Cardiopathies spécifiques de la grossesse. Typiquement, il s’agit de la cardiomyopathie du péripartum (CMPP) et de la pré-éclampsie. a) La CMPP, naguère appelée syndrome de Meadows, est une cardiomyopathie dilatée (CMD) telle que décrite dans les Dépêches de Brazzaville (3425 : 24-, 2019) et qui requiert un régime sans sel et un traitement digitalo-diurétique. En voici les particularités : survenue au cours de la grossesse dans les deux mois précédant le terme et jusqu’à six mois après l’accouchement ; femme jeune, multipare, plus fréquemment africaine, sans cardiopathie préexistante, développant une insuffisance cardiaque globale d’évolution généralement favorable sous traitement mais pouvant être létale et à haut risque de récidive au cours d’une nouvelle grossesse. b) La pré-éclampsie (ou toxémie gravidique). En voici l’essentiel : prévalence à 6% de femmes enceintes, HTA ≥ 140/80 mmHg survenue au-delà de 20 SA d’aménorrhée avec protéinurie ≥ 300mg/24 heures, âge ≤ 40 ans ; facteurs de risquefréquents (race noire, obésité, première grossesse ou grossesse gémellaire, antécédents familiaux ou personnels de pré-éclampsie), symptômes d’alerte devant conduire au spécialiste, à type de gonflement important ou rapide des jambes, bouffissure du visage et des mains, prise de poids rapide, essoufflement, céphalées, troubles digestifs avec douleurs abdominales, etc. Possibilité de complications graves, à détecter tôt pour sauver la mère et l’enfant, à savoir, pour la mère : décollement placentaire, atteintes rénale, hépatique, pulmonaire, cardiovasculaire, AVC, convulsions (éclampsie), troubles de l’hémostase avec hémorragies majeures, décès ; pour l’enfant : retard de croissance intra-utérin, naissance prématurée, faible poids de naissance, décès ou risque accru de cardiopathies plus tard.

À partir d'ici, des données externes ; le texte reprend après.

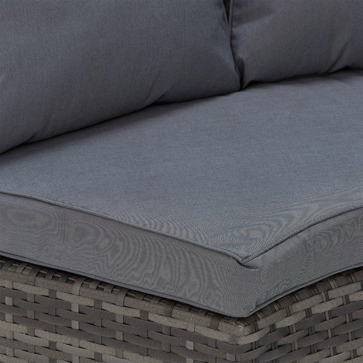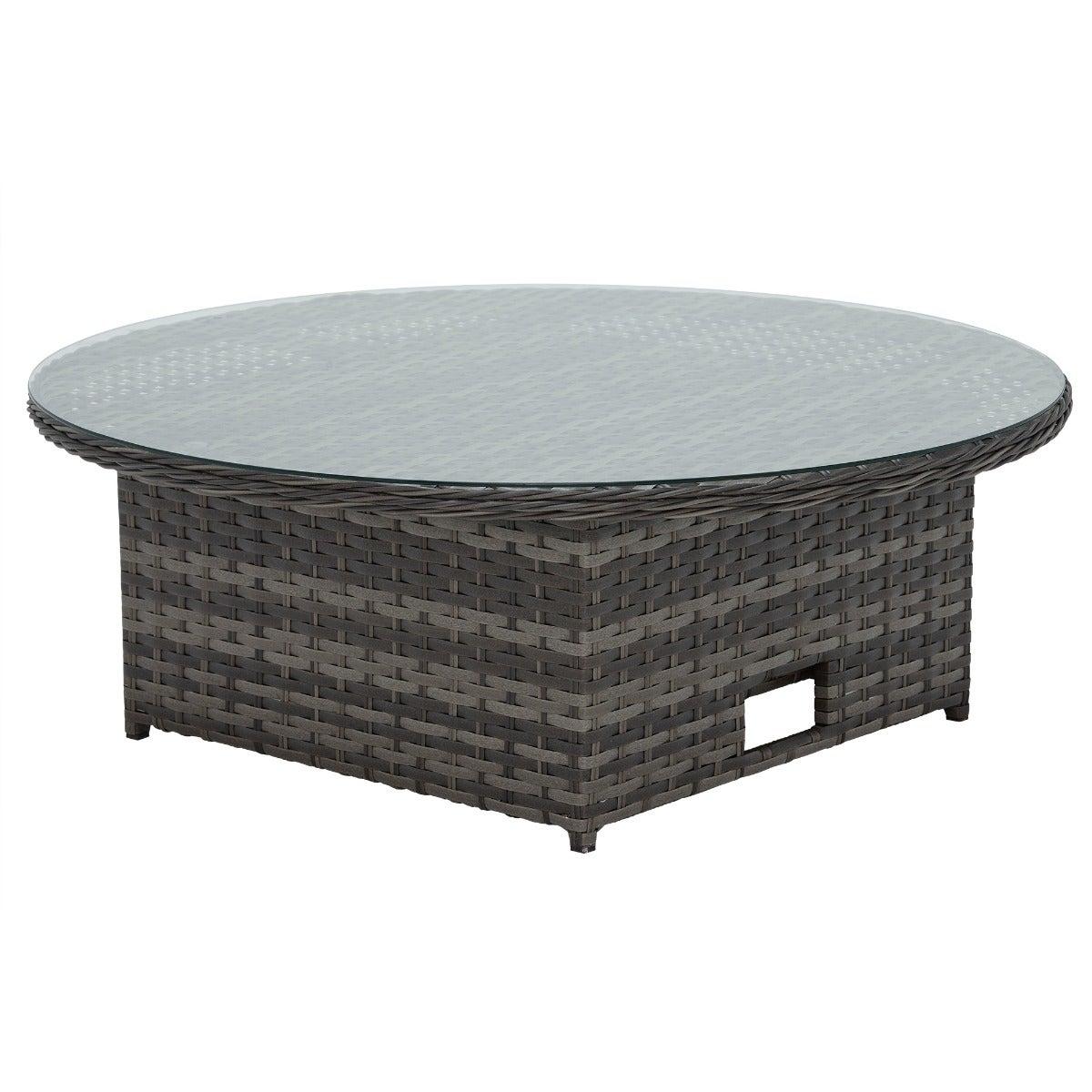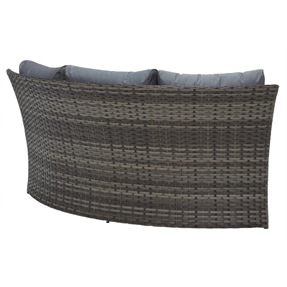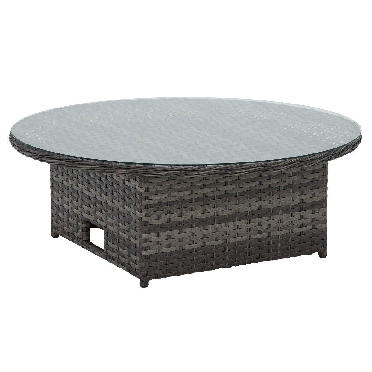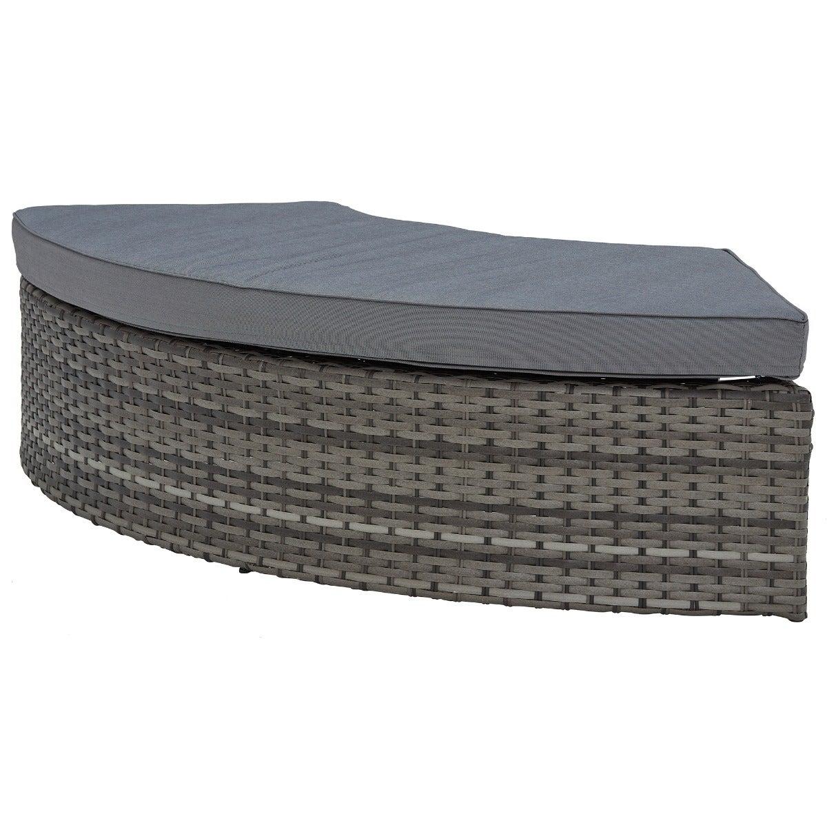 Design. If al fresco entertaining is your forte the Bude Garden Dining Set with Rising Table is exactly what your outdoor space calls for. The soft grey cushions set atop quality weatherproof rattan produces a practical yet stylish combination. The circular, modern design of the Bude Garden Dining Set creates quite the statement, transforming from a huge daybed and the perfect afternoon spot for reading, into a dining set with enough seating for all your family and friends, plus revealing a handy table ready to hold your cold drinks.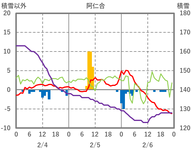 | 日 | 時 | 気温 | 降水 | 風向/風速 | 日照 | 積雪 | 降雪 |

Au total, la grossesse peut, d’une part, générer deux cardiopathies spécifiques graves à type de cardiomyopathie du péripartum et d’HTA avec albuminurie (pré éclampsie/éclampsie), d’autre part aggraver une cardiopathie ou une HTA préexistante. Ces situations doivent être détectées précocement par le médecin traitant et confiées aux spécialistes concernés afin de préserver la vie de la mère et de l’enfant et de leur éviter des complications dans le futur.